2001年の米国同時テロを受けて開始された米国軍のアフガン侵攻。2021年まで米国軍はアフガニスタンに残留し続け、タリバン政権を崩壊させましたが、殲滅には至らず、撤退後は再びタリバン政権が復活しています。米国軍が作戦展開している間、通訳として働いた現地人達が多数おり、彼等は米軍撤退後、タリバン政権からの迫害を逃れて身を潜める様に暮らしているらしく、その事実を取り上げたドキュメンタリーにインスパイアされたガイ・リッチーが監督のみならず、制作・脚本にも名を連ねた作品だとの事。


2018年、米軍曹長ベン・キンリーはタリバンが隠し持っている武器や弾薬を摘発する作戦を展開していたが、相手の反撃に遭い被弾。重症を負うが、現地採用の通訳・アーメッドが100kmもの道のりを1人で彼を運び助ける。

この事で2人は英雄扱いを受け、キンリーは叙勲されて帰国。その後、アーメッドがアフガニスタンでタリバンに狙われて潜伏していると知り、彼の救出を働きかけるも、全く動かない軍に業を煮やし、ついに自費でアーメッドの救出に向かう。


中東情勢を詳しくは知りません。積極的に知ろうともしていませんが、それでも物心ついてこの方、中東の何処かで紛争が起こっていると言うニュースはずっと聞こえていた様な印象を持っています。

なんたる無駄でしょう。

信念の為に命を賭けて戦っているのだと言えば聞こえは良いですが、どれだけの命が消えたのか、宗教とは?国連とは?

と、改めて考えざるを得ません。

そうした背景は一旦置いておくとして、そんな中でも人は生きていて情は芽生える、そして命懸けで他者を守る事もある。

そう言う話でした。

義をもって義に応える。

当然とも思える論理です。と言うか、当然でなければなりますまい。果たして個人でこの主人公の様に行動できるのかは分かりませんが、少なくてもそれが正義である、と、この国では教えられているのではないでしょうか。
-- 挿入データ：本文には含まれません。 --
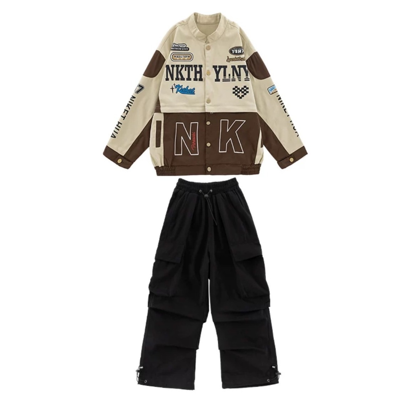 キッズダンス衣装 2点セット 男の子用 女の子用 ユニセックス 男女兼用 派手 ストリート系 カーゴパンツ ヒップホップ ダンスウェア 練習着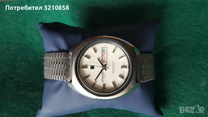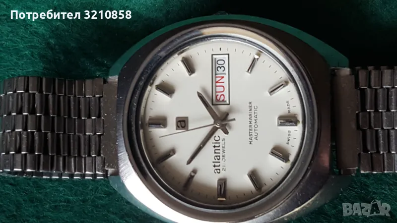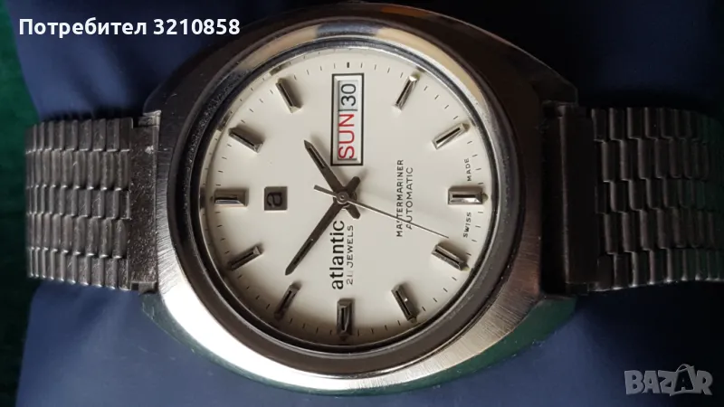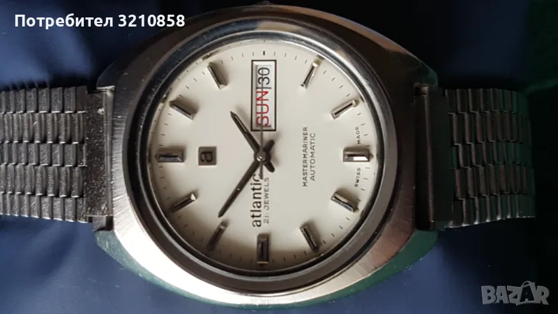 Много запазен мъжки часовник Атлантик автомат Рядък модел стоманен корпус кристално стъкло перфектен циферблат.Профилактиран.изключително точен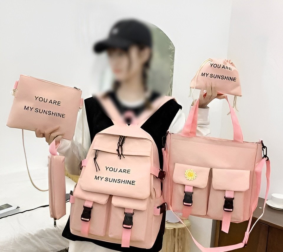 Upgrade your school style with this all-in-one 5-piece backpack set designed for the modern student. This set combines functionality with a trendy aesthetic featuring the inspiring "You Are My Sunshine" slogan. Crafted from high-quality canvas, it provides a complete solution for carrying everything from heavy textbooks to small stationery items in a coordinated and stylish way.

それを踏まえた時、この物語に於ける米国の態度は義に欠けていると思わざるを得ず、その為にこの映画が作られたのでしょう。

今現在でも戦争があり、同時に国連も運営され、暴力は元より差別や格差を無くそうとの声が世界中に満ちているけど、同じくらに偽善にも満ちているよなぁ、なんて毎度お馴染みのパラドックス。


キンリーがアーメッドの救出の為に民間の組織を仕切るパーカーをたよります。しかしこれが約束の日に人を揃えられず、当然の様に「三日待ってくれ」と言い、キンリーはアーメッドを保護したら、彼等をピックアップしてもらう手筈だけ整えて単独捜索に向かい、ギリギリの所でピックアップされますが、この時パーカーが言います。「あんた、あのキンリーだったのか。初めから言ってくれればもっと出来たのに」

こんなもんなんですよね。所詮。